ПЕРВАЯ. (Колотит Вторую сумкой по голове, из сумки полотенчики летят.) А, уже нахоронилась сегодня, бурдюк напхала, наелася, а я голодом мучаюся, дура такая! Алкашука чертова!

ВТОРАЯ. (Бьёт Первую что есть силы.) Сама алкашка, сама хлещешь водку стаканами! По гробам лазишь!

ПЕРВАЯ. Не знаю я никаких гробов, не трогай меня, вонюхля! От тебя потом пахнет, как от собаки с рынка паршивой, не дыши!!!

ВТОРАЯ. (Кричит в окно.) Люди, она меня выслеживает! Я на похороны, а она везде за мной тянется и тянется, ходит и ходит, жрёт и жрёт — привыкла на шармачка! Я моих родственников похоронить не могу как следует, а она, гадина…

ПЕРВАЯ. Каких родственников?

ВТОРАЯ. Милиция!!!!

ПЕРВАЯ. Зови, зови милицию. Я милиции расскажу, что ты делаешь. Расскажу и покажу вот это вот, что, к примеру, в твоей сумке, сало!

ВТОРАЯ. А что в моей сумке ты, сухостой, что, ну?! Полотенчики, полотенчики! Платочечки, платочки!

ПЕРВАЯ. А то, что в твоей сумке, толстомясая! (Трясёт полотенцами и носовыми платками перед носом Второй.) Сколько с утра уже похоронила?! Троих?! Я за тобой спецом слежу, чтоб доложить в милицию и общественности через прессу и радио, да, доложить, какой ты бизнес открыла, чтоб в газете тебя, по телевизору тебя, чтоб стыдно стало! И сидит, ногой трясёт, главно!
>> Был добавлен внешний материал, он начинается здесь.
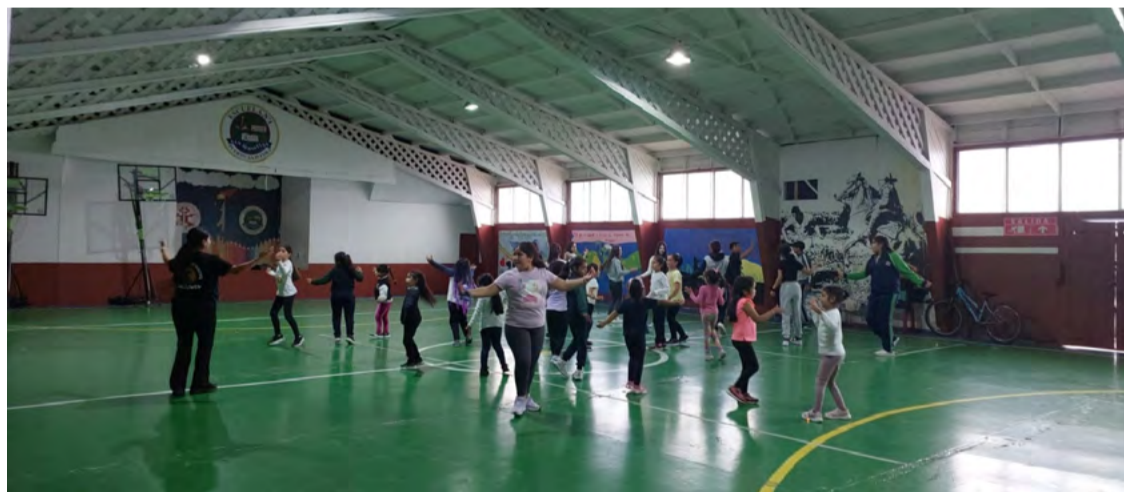
Niños y Niñas de la comuna de Saavedra participaron

Я тебя знаю, как на похороны ездишь — у тебя невестка в больнице, а зять в морге, тебе всю информацию докладывают, ты про все похороны знаешь в городе, ты и ездишь потому, на халяву жрёшь, аж жир капает с неё и платочки получаешь бесплатно! Но я найду управу! Милиция!

ВТОРАЯ. Следит она спецом за мной?! Ты, китайский разведчик, а?! Я к родственникам! Какая невестка, у меня детей нет, только родственники?!

ПЕРВАЯ. На Индустрии дом 17, на Заводской дом 112, на Ленина дом 10 — всё тебе родственники, что это было, ты там чего такого делала, ну?! Ты там сидела, сама плакала, луком глаза натирала, ну?!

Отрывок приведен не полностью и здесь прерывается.